For anyone using LLMs heavily for coding, this shouldn't be too surprising. It was just a matter of time.
Mathematicians make new discoveries by building and applying mathematical tools in new ways. It is tons of iterative work, following hunches and exploring connections. While true that LLMs can't truly "make discoveries" since they have no sense of what that would mean, they can Monte Carlo every mathematical tool at a narrow objective and see what sticks, then build on that or combine improvements.
Reading the article, that seems exactly how the discovery was made, an LLM used a "surprising connection" to go beyond the expected result. But the result has no meaning without the human intent behind the objective, human understanding to value the new pathway the AI used (more valuable than the result itself, by far) and the mathematical language (built by humans) to explore the concept.
I think one interesting thing to point out is that the proof (disproof) was done by finding a counterexample of Erdős' original conjecture.
I agree with one of the mathematician's responses in the linked PDF that this is somewhat less interesting than proving the actual conjecture was true.
In my eyes proving the conjecture true requires a bit more theory crafting. You have to explain why the conjecture is correct by grounding it in a larger theory while with the counterexample the model has to just perform a more advanced form of search to find the correct construction.
Obviously this search is impressive not naive and requires many steps along the way to prove connections to the counterexample, but instead of developing new deep mathematics the model is still just connecting existing ideas.
Not to discount this monumental achievement. I think we're really getting somewhere! To me, and this is just vibes based, I think the models aren't far from being able to theory craft in such a way that they could prove more complicated conjectures that require developing new mathematics.
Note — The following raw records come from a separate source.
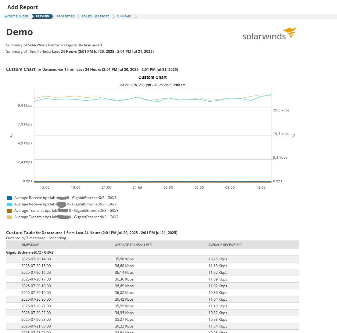 I’m trying to set up a report in NPM that shows hour-by-hour bandwidth usage for a few key interfaces on our core switches. I’ve played around with custom reports, but I can't seem to get a clean hourly breakdown — it keeps aggregating by day or minute.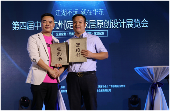 在9月26日以“江湖不远,就在华东”为主题的第四届中国(杭州)定制家居原创设计展览会新闻发布会上,与博骏传媒进行展位签约的品牌企业已经超过60家。随着展会的全面升级,陆续有企业也与博骏传媒达成了战略合作签约意向。在当晚的签约仪式上,机械猫作为第一家签约企业走上台来,与博骏传媒签订了合作协议,正式成为机械展区协办单位。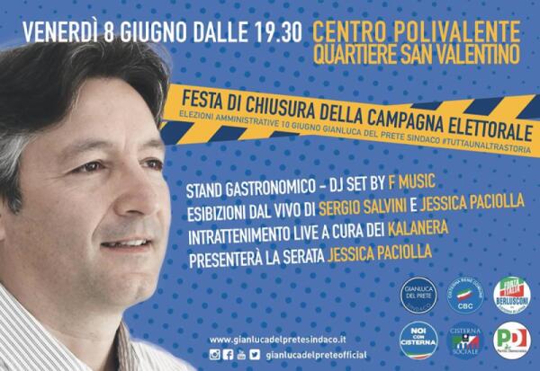 Il candidato a sindaco di Cisterna Gianluca Del Prete chiude la campagna al Quartiere San Valentino.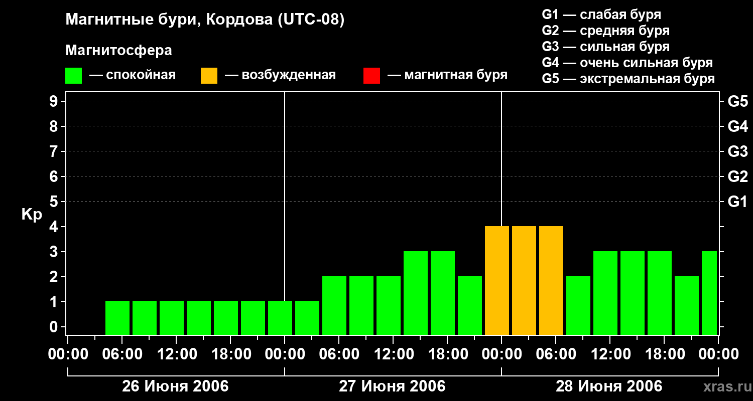 Изменения геомагнитного индекса Kp с 26 по 28 июня 2006 года для средних широт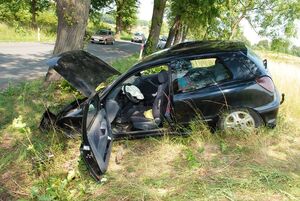 W sobotę o godz. 11.40 w Kowalach 27-letnia mieszkanka Rumi kierująca fiatem bravo straciła panowanie na pojazdem, zjechała na pobocze i uderzyła w drzewo. Prawdopodobną przyczyną wypadku było urwanie się przedniego koła samochodu.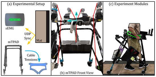 Experimental setup for the single session experiment evaluating effects of external forces and armrest position on the gait of adults without balance disorders: (a) The percentage of body weight based on the present condition is input to the mobile Tethered Pelvic Assist Device’s (mTPAD’s) open-loop controller, which outputs each cable’s optimized tension. These data were time synchronized with the instrumented mat and surface electromyography (sEMG) sensors via User Datagraph Protocol (UDP) packets; (b) The front view of the mTPAD illustrates the local coordinate frame used and the seven cables that route from the frame to the pelvic belt; (c) A participant walking overground in the mTPAD. In this frame, the participant holds the mTPAD frame, illustrating how participants walk in the Baseline condition. Each participant walked on an instrumented Zeno Walkway. The mTPAD’s pelvic belt is highlighted in green.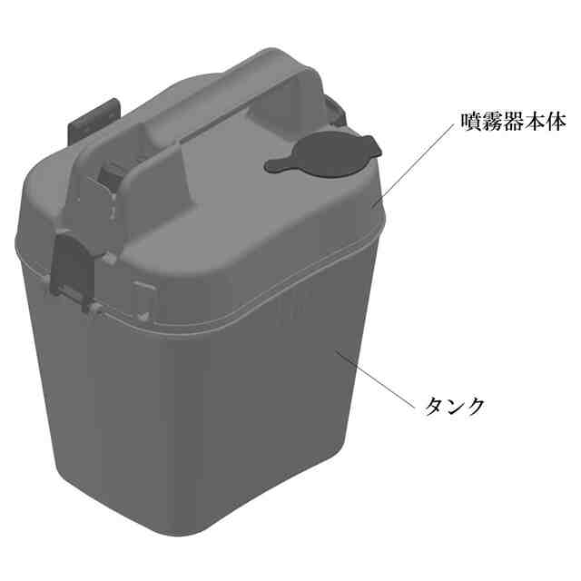本物品は、農薬等を散布するための機器である。本物品は使用に際して液をためるタンクと連結ホース及び噴射カップを接続して用いる。本物品には、内部にバッテリーとポンプが内装されており、ポンプでタンクより噴射カップに農薬等を送るためのものである。

I think that's just a matter of having them able to work on longer and longer time horizons.
As I have stated before, AI will win a fields medal before it can manage a McDonald's
A difficult part was constructing a chess board on which to play math (Lean). Now it's just pattern recognition and computation.
LLMs are just the beginning, we'll see more specialized math AI resembling StockFish soon.
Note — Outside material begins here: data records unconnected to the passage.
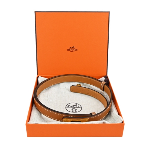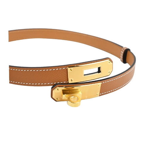 Hermes 愛馬仕 Kelly Epsom皮革女仕細腰帶/皮帶(37金棕/金釦)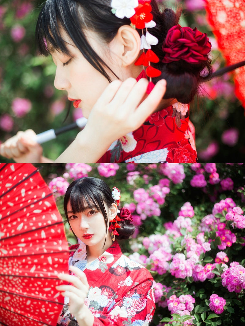 花海中的和服艳丽女神娇美可人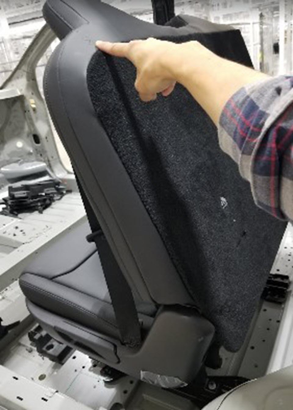 - Slide the tabs at the rear edge of the outside recliner cover down into the seat, fasten the clips (x4), and then secure the cover with the push clips (x2).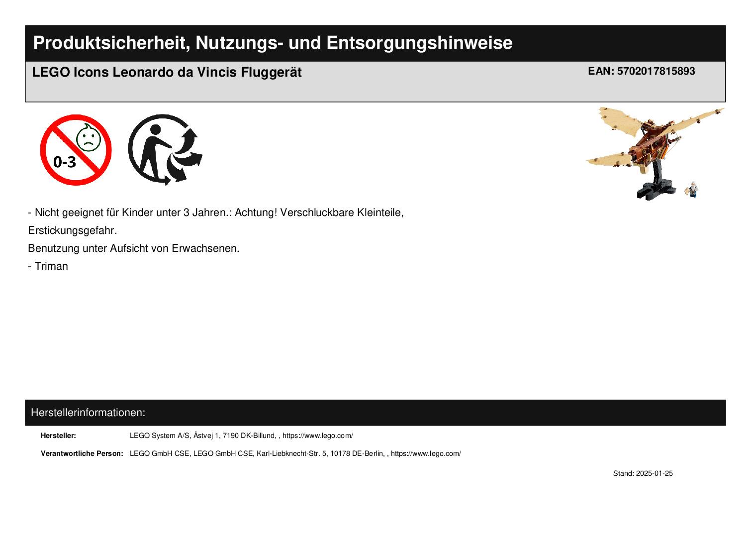 Produktinformationen "LEGO Icons Leonardo da Vincis Fluggerät"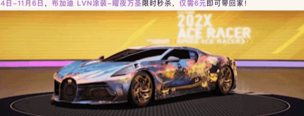 而布加迪 LVN 万圣涂装更是神仙级期待 —— 作为速度节的 “超跑顶流”,若披上万圣外衣,大概率会融入南瓜橙渐变车身、幽灵暗纹细节,甚至车灯亮起时会有蝙蝠光影特效,开着它在赛道飞驰,绝对能赚足回头率。

The proof brings unexpected, sophisticated ideas from algebraic number theory to bear on an elementary geometric question.
The more I read about these achievements the more I get a feeling that a lot of the power of these models comes from having prior knowledge on every possible field and having zero problems transferring to new domains.
To me the potential beauty of this is that these tools might help us break through the increasing super specialization that humans in science have to go through today. Which in one hand is important on the other hand does limit the person in terms of the tooling and inspiration it has access to.
From the companion paper:
> The argument relies crucially on ideas that may, at least in retrospect, be attributed to Ellenberg-Venkatesh, Golod-Shafarevich, and Hajir-Maire-Ramakrishna.
Can someone please elaborate on this?
I like how everyone laughed when OpenAI said their models will have "PhD-Level Intelligence" and now the goalpost has been moved to if AI can create new math (i.e., not PhD-Level, but Leibniz/Euler/Galois level.)
The summarized chain of thought for this task (linked in the blogpost) is 125 pages. That's an insane scale of reasoning, quite akin to what Anthropic has been teasing with Mythos.
Is there a reason why we only hear of Erdos problems being solved? I would imagine there are a myriad of other unsolved problems in math, but every single ChatGPT "breakthrough in math" I come across on r/singularity and r/accelerate are Erdos problems.
This is impressive, no question.
Without knowing all this model has been trained on though, it is pretty hard to ascertain the extent to which it arrived to this "on its own". The entire AI industry has been (not so secretly) paying a lot of experts in many fields to generate large amounts of novel training data. Novel training data that isn't found anywhere else--they hoard it--and which could actually contain original ideas.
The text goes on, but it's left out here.